■ **Work to complete**
Only the pictures are to be left out; return the rest of the data exactly as it stands.

■ **Data shown**
● ● ● ●
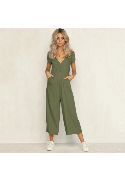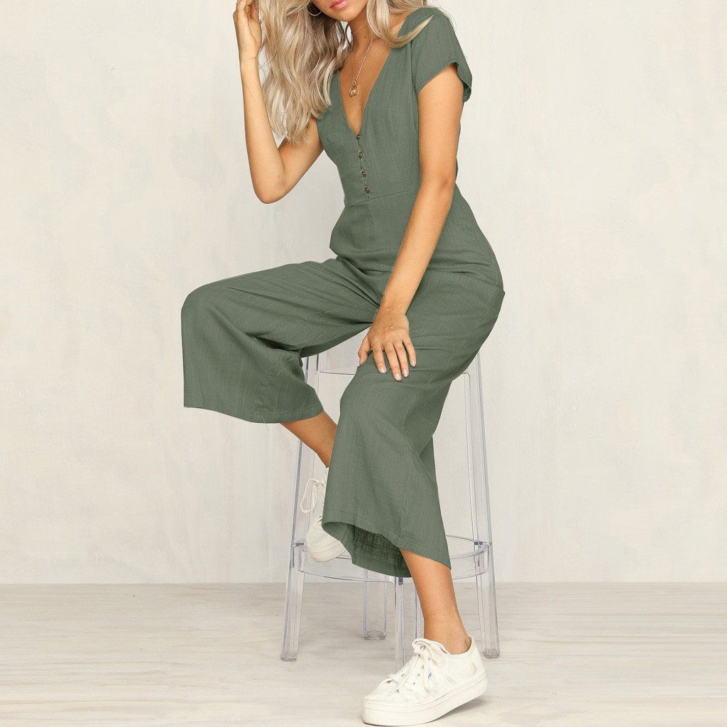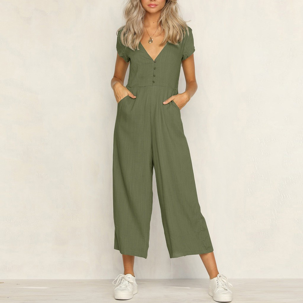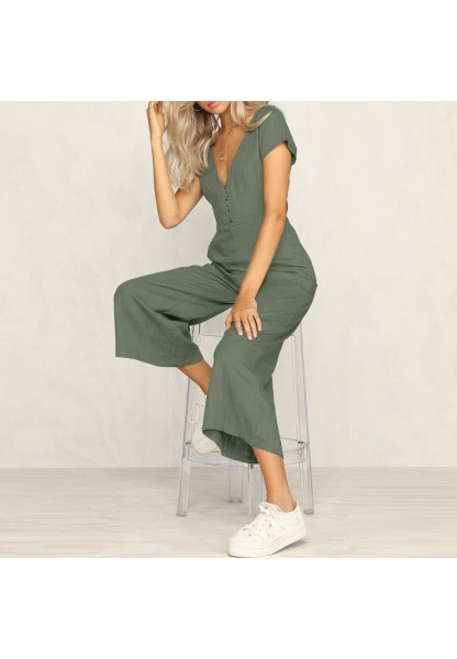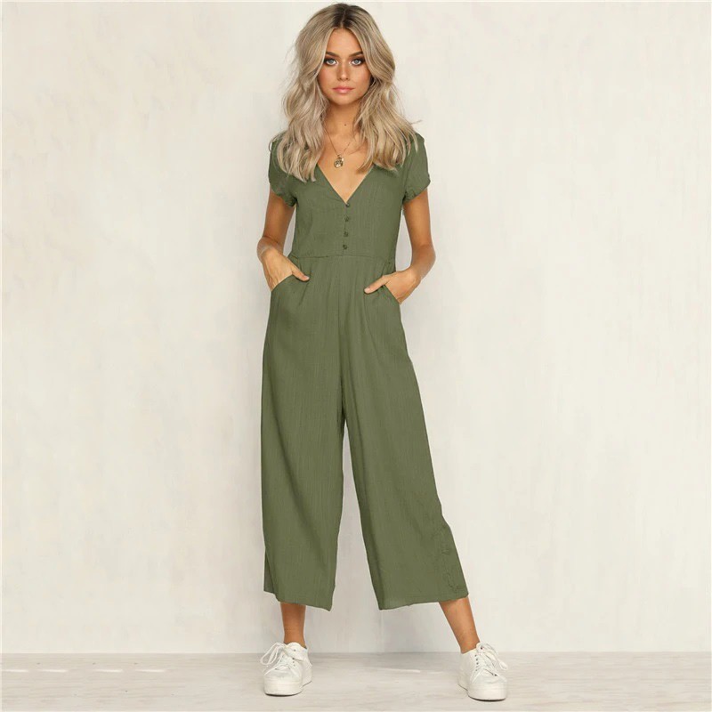 • Keten Günlük Yazlık V Yaka Kısa Paça Tasarım Kadın Tulum
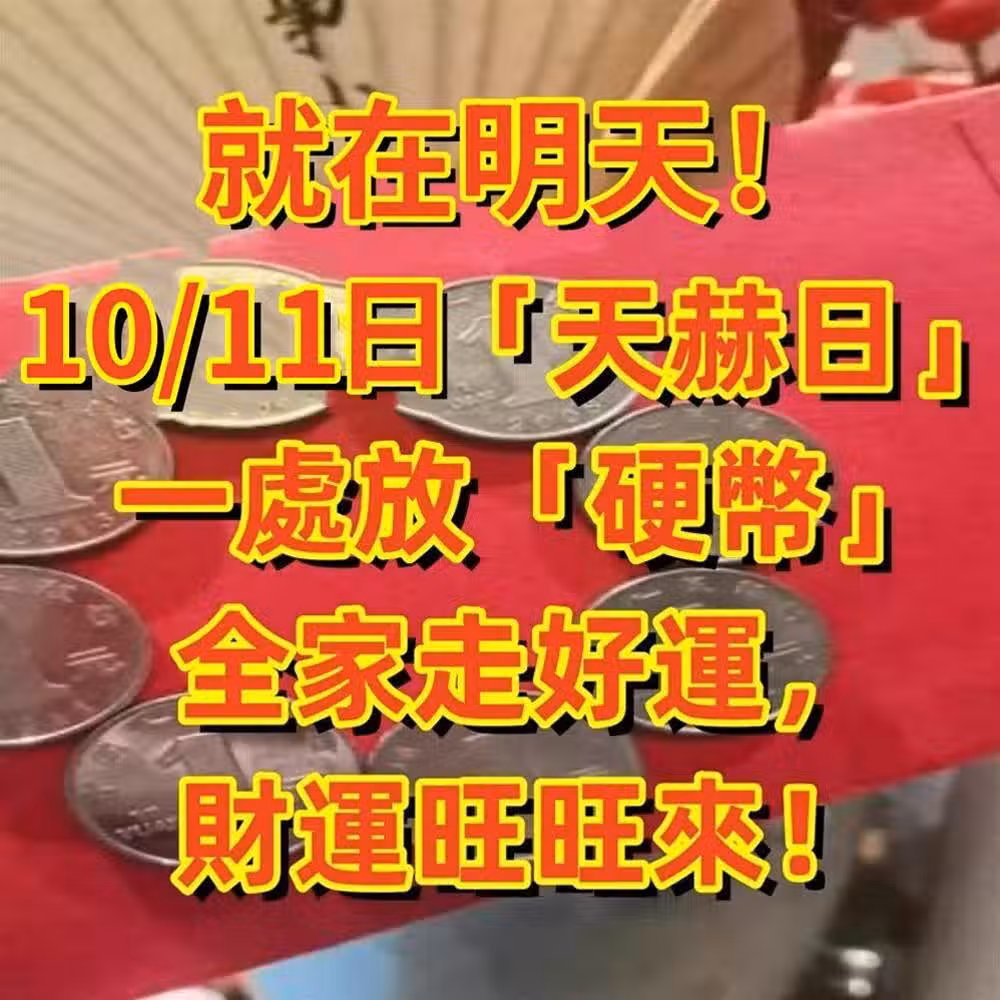 就在明天!10/11日「天赫日」一處放「硬幣」全家走好運,財運旺旺來!!
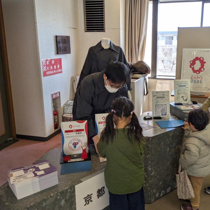 博物館内にスタンプコーナーを設置し、万博関連スタンプ7種類(JR西日本制作:3種、京都府制作:4種)を同時に押すことができるイベントを開催しました。参加者には、7種類のスタンプが押せるオリジナルのスタンプ台紙を無料配布。
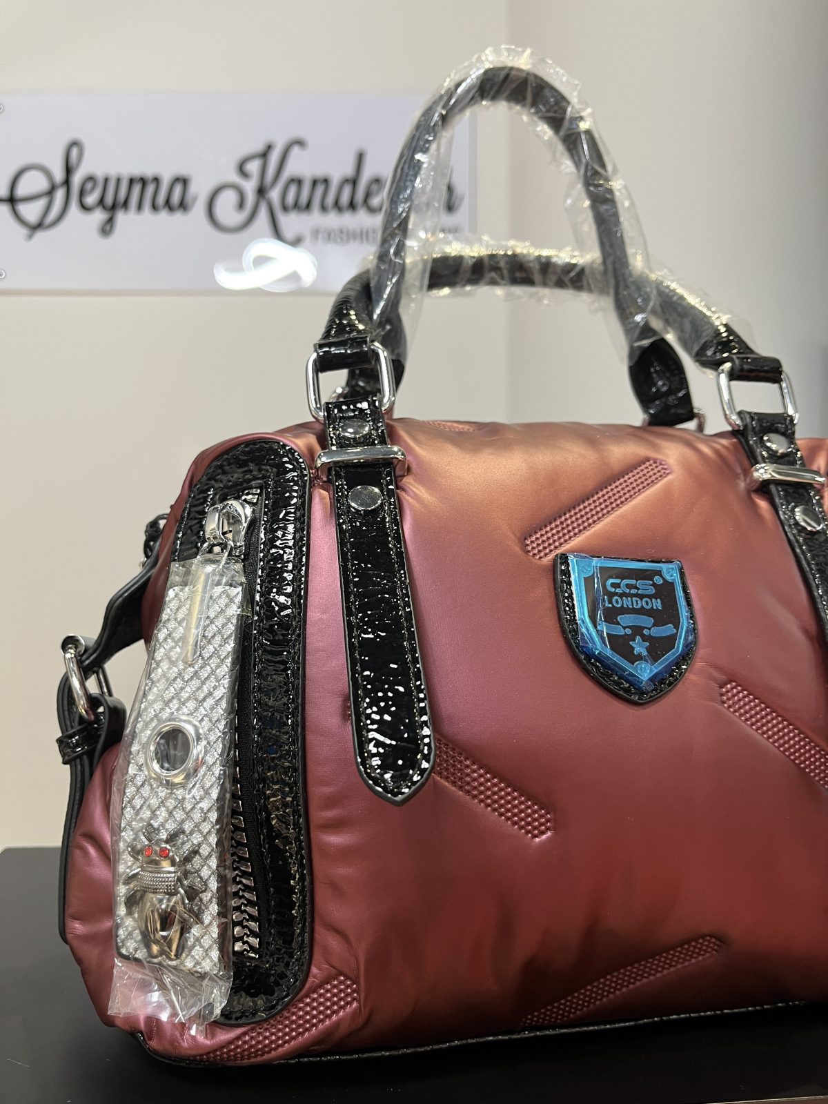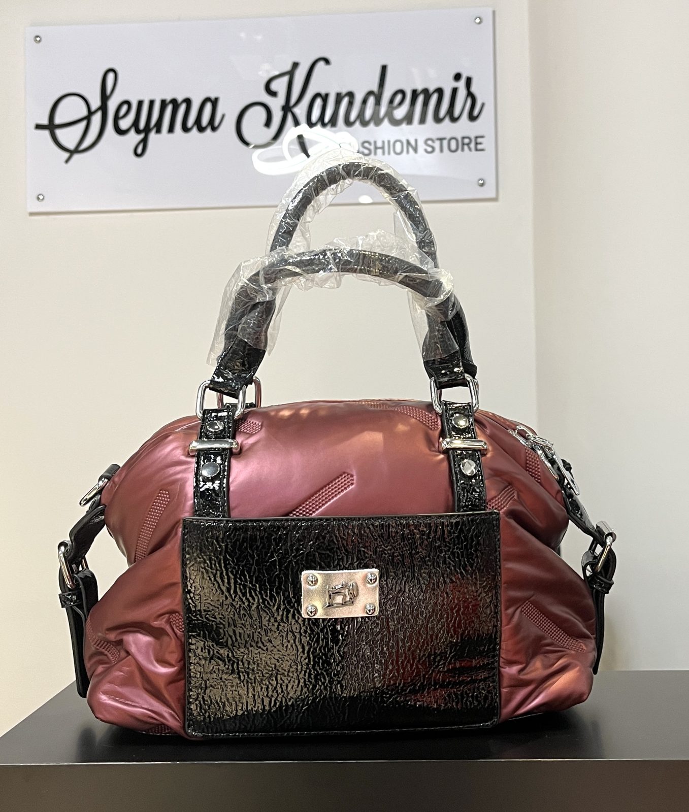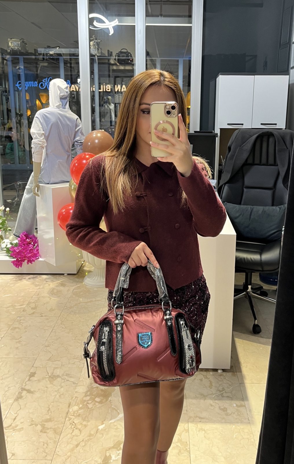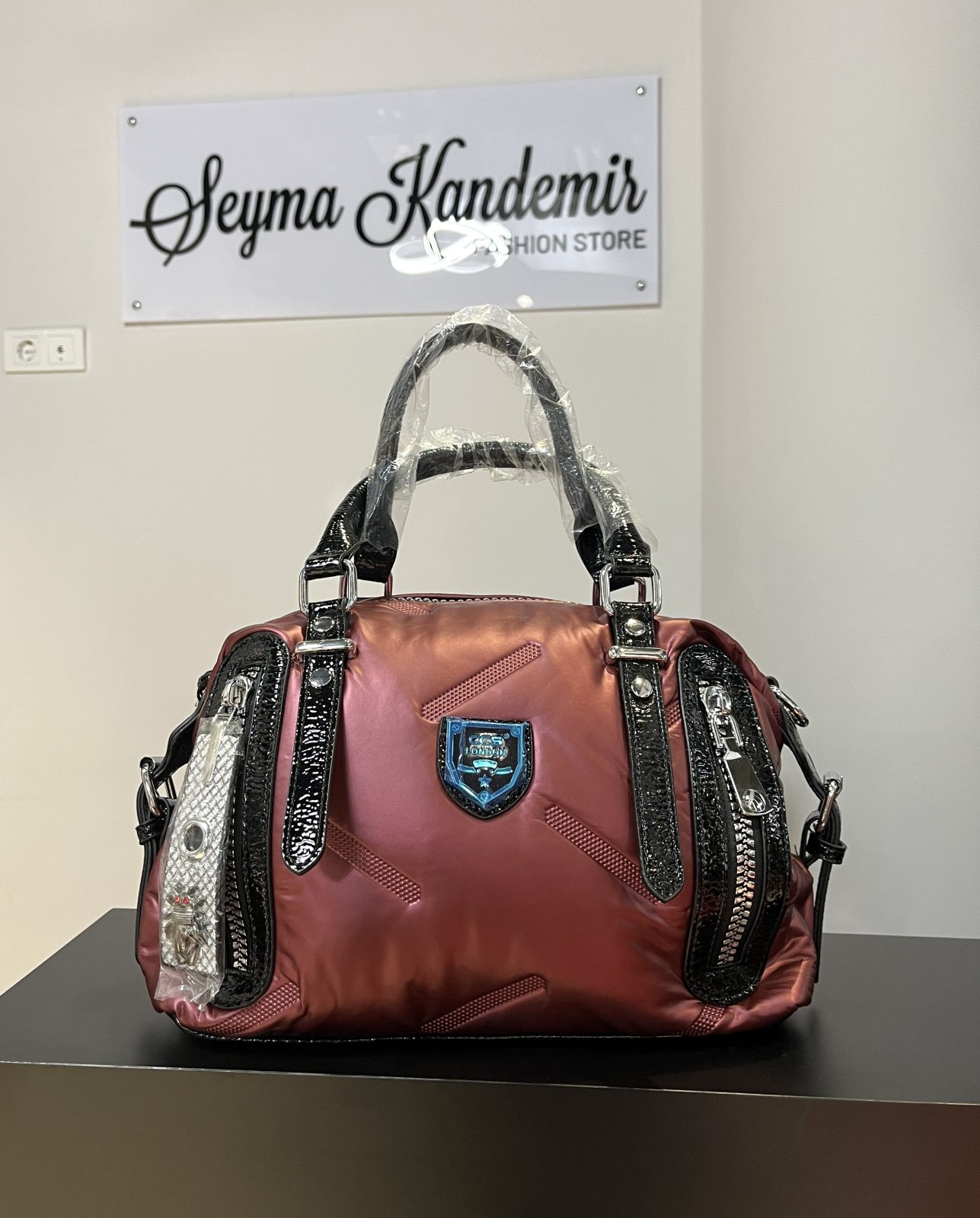 Bordo Fermuar Detaylı Omuz ve El Çantası
● ● ● ●
■ **Response area**
 • Keten Günlük Yazlık V Yaka Kısa Paça Tasarım Kadın Tulum
 就在明天!10/11日「天赫日」一處放「硬幣」全家走好運,財運旺旺來!!
 博物館内にスタンプコーナーを設置し、万博関連スタンプ7種類(JR西日本制作:3種、京都府制作:4種)を同時に押すことができるイベントを開催しました。参加者には、7種類のスタンプが押せるオリジナルのスタンプ台紙を無料配布。
 Bordo Fermuar Detaylı Omuz ve El Çantası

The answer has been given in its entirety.